Offering your menu in Gujarati or Hindi alongside English lifts orders from local customers by 20–30% in our owner data. Here's how to do it cleanly with ZaikaQR.
Why a multilingual menu matters in India
70% of Indian internet users prefer content in their regional language. For a Surat thali house or an Ahmedabad pav-bhaji café, your most loyal customers think in Gujarati. Forcing them to read English is a small but real friction tax.
How it works in ZaikaQR
Every menu page shows three language chips at the top: EN · ગુ · हि. The customer taps one, the whole menu updates instantly. Their choice persists across visits (stored in their browser).
Setup in 5 minutes
- Owner dashboard → My Admin → 🌐 Manage Translations.
- For each item, enter the Gujarati and Hindi name. Skip description if you want — names matter most.

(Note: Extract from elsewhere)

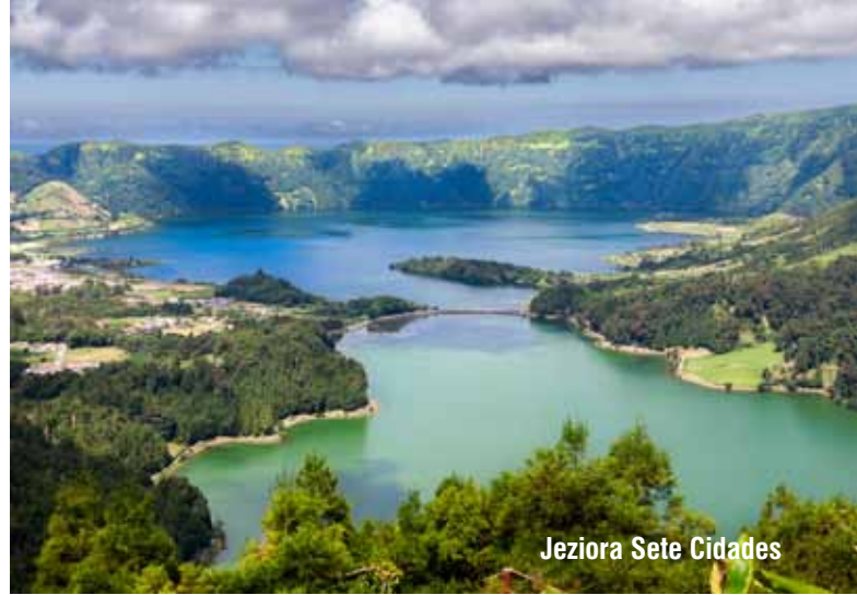
Jeziora Sete Cidades

Rano przejedziemy z Lizbony do uroczej Sintry zwanej miastem-ogrodem, położonej w głębokich, porośniętych lasem wąwozach i otoczonej górami Serra de Sintra. Tutejszy mikroklimat jest specyficzny i pozwala na rozwój egzotycznej, niemal tropikalnej roślinności. Już za czasów mauretańskich miejsce to stanowiło ulubiony teren letniego wypoczynku władców Lizbony, czego dowodem są wzniesione na przestrzeni wieków wspaniałe zamki, pałace i klasztory. Zwiedzimy stanowiący fascynującą mieszankę stylów architektonicznych Paácio Nacional, powstały najprawdopodobniej już w czasach mauretańskich. Po wspólnym lunchu popijanym regionalnymi winami i dalszym zwiedzaniu otoczonej bujną zielenią Sintry przejedziemy do najbardziej na zachód wysuniętego miejsca kontynentalnej Europy – Cabo da Roca, gdzie dziki, skalisty przylądek o wysokości około 150 metrów urywa się nad przepaścią opadającą w burzliwą kipieli Atlantyku. Pełen wrażeń dzień zakończymy wieczornym spacerem i noclegiem w Lizbonie.
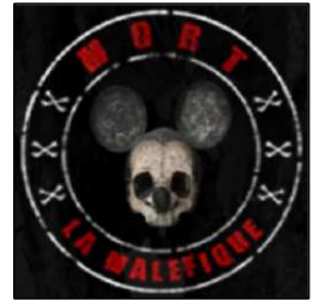
« Le célèbre Mickey Made in Frans »

« Je pense que l'action que j'ai vu, en direct est passée en détail dans le n°3 de la gazette, c'était cette fameuse action de Tarentuloïde, dans le match opposant Bilobobo à zOG-zOG. »

- Save. The customer menu updates immediately.
What about SEO and search?
Google indexes your menu in English (the default HTML), which is what you want for discoverability. Local customers get their preferred language without Google getting confused by mixed-language content. Best of both worlds.
KOT and the kitchen
The kitchen ticket (KOT) is always printed in the language you choose under Settings — most owners keep KOT in English or Hindi so any kitchen hand can read it, regardless of which language the customer used to order.
What the data shows
"Adding Gujarati names to our 30 most-ordered dishes lifted average ticket size by 9% in the first month. Customers added more items because they could read the descriptions."